Generative AI has the ability to be transformational as long as both clinicians and entrepreneurs working in the space are focused on problem-solving, panellists told a Masterclass at Digital Health AI and Data’s AI and Analytics Stage on Monday.
Umang Patel, CCIO of Microsoft UK, told the audience at London’s Business Design Centre that they need to “find the problem you really want to solve” and not be afraid, adding that the generative AI space suffers from an excess of imposter syndrome.
“If anyone goes to a CIO asking for their time, they will give it to you,” he added. “Don’t be afraid to ask for help.”
Professor James Teo, professor of neurology at King’s College Hospital, emphasised the importance of building infrastructure rather than focusing first on end-use, adding that “infrastructure is what everything will depend on.” Those looking to pursue generative AI projects also need to find likeminded people, those with both technical and clinical skills, he added.
The technology now has the capability to do a deep phenotyping of whole hospitals and populations, he said. He added that researchers can evaluate 20 years of records for a million patients, using AI to read them all and draw up patterns of diseases – completing the task within a week.
Barbara Rafferty, head of digital innovation, digital technology & information at Guy’s and St. Thomas’s NHS Foundation Trust, reflected that a “clever use case” is important for attracting the interest of trusts.

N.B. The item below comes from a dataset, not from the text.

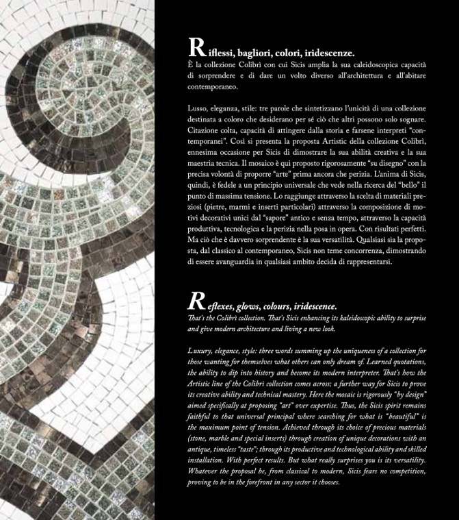 Artistic line of the Colibrì collection comes across; a further way for Sicis to prove

Patel, a paediatrician, compared the evolution of large language models to the history of the combustion engine albeit at an exponentially rapid speed. While the combustion engine took 50 years to the model that is recognisable today, he noted, generative AI is already reinventing healthcare due to its reasoning ability, something that hasn’t been seen previously. This capacity makes it applicable to health providers, payers and the life sciences sector.
He described the potential of generative AI as both “delightful” and “exciting.”

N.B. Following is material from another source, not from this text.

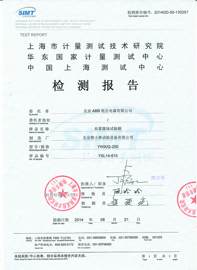 環(huán)境試驗設備行業(yè)判斷產品質量是否合格,通常由國家第三方權威檢測機構出具相關檢測報告,雅士林儀器標準化圖紙接線、焊接、三十五項嚴格檢驗流程,所選配件均為世界知名品牌,正品行貨,一萬兩千多家行業(yè)用戶共同見證,質量有保證。公司所出品的環(huán)境試驗設備均能滿足國標、軍標、國際標準等多項檢測標準,中國計量院、北京計量院、上海計量院等多家第三方權威檢測機構榮譽認證。
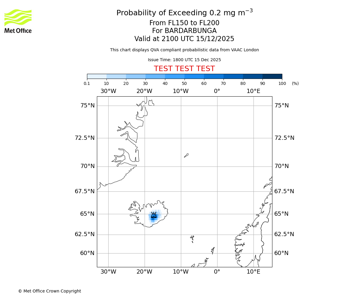 Probability of exceeding 0.2 milligrams per metre cubed. From 150 to 200 for BARDARBUNGA. Valid at 1800 UTC 15/12/2025

“The game-changing input will make it a lot more ubiquitious,” he said, adding that generative AI has the potential to unlock $1 trillion in unrealised improvement potential in healthcare. “We can’t apply the same rules we have before.”
Panellists identified a number of challenges, including establishing a regulatory framework, bias, hallucinations, overconfidence, patient expectations and trainee supervision. Discussion focused on hallucinations – where an AI model generates false or illogical outputs that are not based on real data or events.
“I don’t think we can get away from them – they are like great medications with side effects,” Patel said. “It’s a question of how to set guidelines to make sure we can validate against them.”
Teo suggested that hallucinations can be addressed through mitigating factors.
“Presenting outputs to someone who can tell these are hallucinations will help,” he said. “It’s a solvable problem but use cases will be aimed at outputting to people who are able at some stage level to filter that information.”